We can visualize the approach that logistic regression takes by sketching the predictions as a green s-shaped curve on top of our scatter plot.
Fitting Logistic Regression
The computational machinery for fitting logistic regression looks almost identical to what we used for linear least squares regression. The primary function we’ll use is glm()
.
Call: glm(formula = spam ~ log(num_char), family = "binomial", data = email)
Coefficients:
(Intercept) log(num_char)
-1.7244 -0.5435
Degrees of Freedom: 3920 Total (i.e. Null); 3919 Residual
Null Deviance: 2437
Residual Deviance: 2190 AIC: 2194
These coefficients are a bit more challenging to interpret since they’re no longer linearly related to the response. The sign of the coefficient for log(num_char)
, however, is informative: it tells us that messages with more characters will be predicted to have a lower probability of being spam.
Let’s take a look at the predictions that this model makes back into the data set that it was trained on (also called the fitted values).

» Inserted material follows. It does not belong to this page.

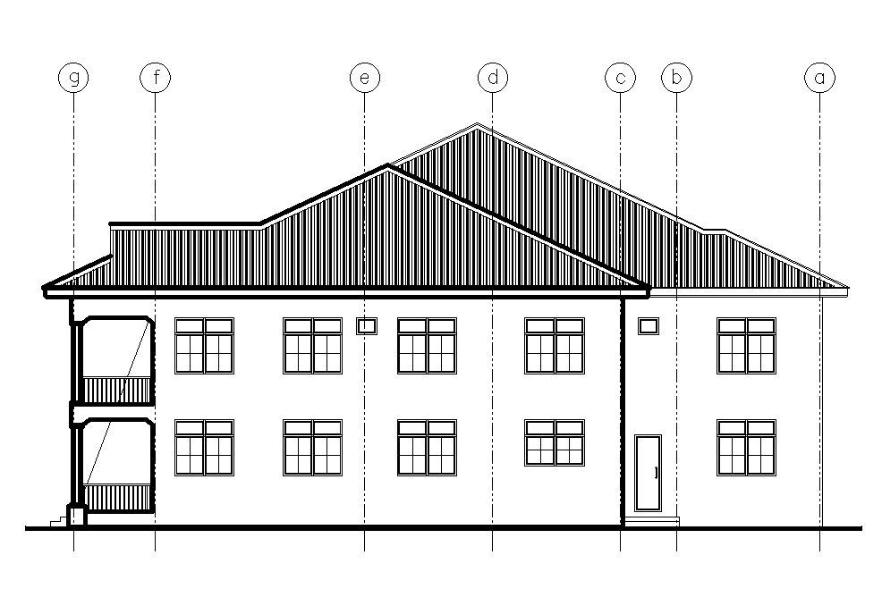 Right side elevation of 22x22m house plan is given in this Autocad drawing file. Download now.

When using the predict()
function on logistic regression models, there are several different types of predictions that it can return, so be sure to specify type = "response"
.
p_hat_m1 <- predict(m1, email, type = "response")
We can then move from values of \(\hat{p}_i\) to values of \(y_1\) by checked to see whether each value of \(\hat{p}_i\) is greater than .5. Let’s combine these values into one data frame.

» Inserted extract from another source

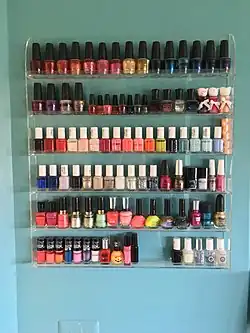 Nail polish (also known as nail varnish in British English or nail enamel) is a lacquer that can be applied to the human fingernails or toenails to decorate and protect the nail plates. The formula has been revised repeatedly to enhance its decorative properties, to be safer for the consumer to use, and to suppress cracking or peeling. Nail polish consists of a mix of an organic polymer and several other components that give it colors and textures.[1] Nail polishes come in all color shades and play a significant part in manicures and pedicures.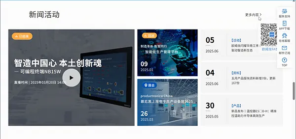 全新三分屏动态主视觉,聚焦欧姆龙核心产品线,轮播推荐最新产品、重要活动及精选方案。重要资讯即时触达,核心价值一眼聚焦。

predictions <- tibble(y = email$spam) %>%
mutate(p_hat_m1 = p_hat_m1,
y_hat_m1 = p_hat_m1 > .5)
predictions
# A tibble: 3,921 × 3
y p_hat_m1 y_hat_m1
<fct> <dbl> <lgl>
1 0 0.0454 FALSE
2 0 0.0473 FALSE
3 0 0.0553 FALSE
4 0 0.0419 FALSE
5 0 0.137 FALSE
6 0 0.145 FALSE
7 0 0.0704 FALSE
8 0 0.0566 FALSE
9 0 0.0886 FALSE
10 0 0.0951 FALSE
# … with 3,911 more rows
These first 10 rows were all examples of not-spam (\(y = 0\)), and our model corresponding estimate that the probabilities that each one is spam based on the value of log_num_char
is quite low, ranging from .04 to .14. Since these are all less than .5, every prediction (or fitted value) was 0.

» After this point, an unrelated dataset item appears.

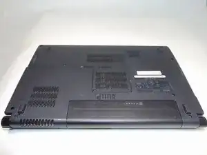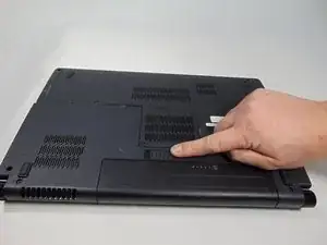 Переверните ноутбук так, чтобы нижняя часть была сверху, а батарея находилась ближе всего к Вам.

How well did the model do when it predicted very high values of \(\hat{p}_i\). Let’s take a look by sorting the data frame in descending order.
# A tibble: 3,921 × 3
y p_hat_m1 y_hat_m1
<fct> <dbl> <lgl>
1 1 0.884 TRUE
2 1 0.884 TRUE
3 0 0.807 TRUE
4 0 0.807 TRUE
5 0 0.782 TRUE
6 0 0.782 TRUE
7 0 0.742 TRUE
8 0 0.726 TRUE
9 0 0.711 TRUE
10 1 0.636 TRUE
# … with 3,911 more rows
There were two messages that the model assigned a probability of .884 that they were spam and indeed they were. But then the model made several errors. Messages 3 through 9 were all also predicted to be spam but in fact they were not.
It seems, on the surface that this simple logistic regression model, though it is functional, is not very accurate. We’ll aim to increase its accuracy tomorrow in class.
Summary
In these notes we introduced the concept of classification using a logistic regression model. Logistic regression uses the logistic function to transform predictions into a probability that the response is 1. These probabilities can be used to classify y as 0 or 1 by checked to see if they exceed a threshold (often .5).
These notes focus on step 1 of the predictive model building process: deciding on the mathematical form of the model. In class tomorrow will take up the remaining three as we learn how to use apply logistic regression as a classification model to complete the eighth and final lab of Stat 20.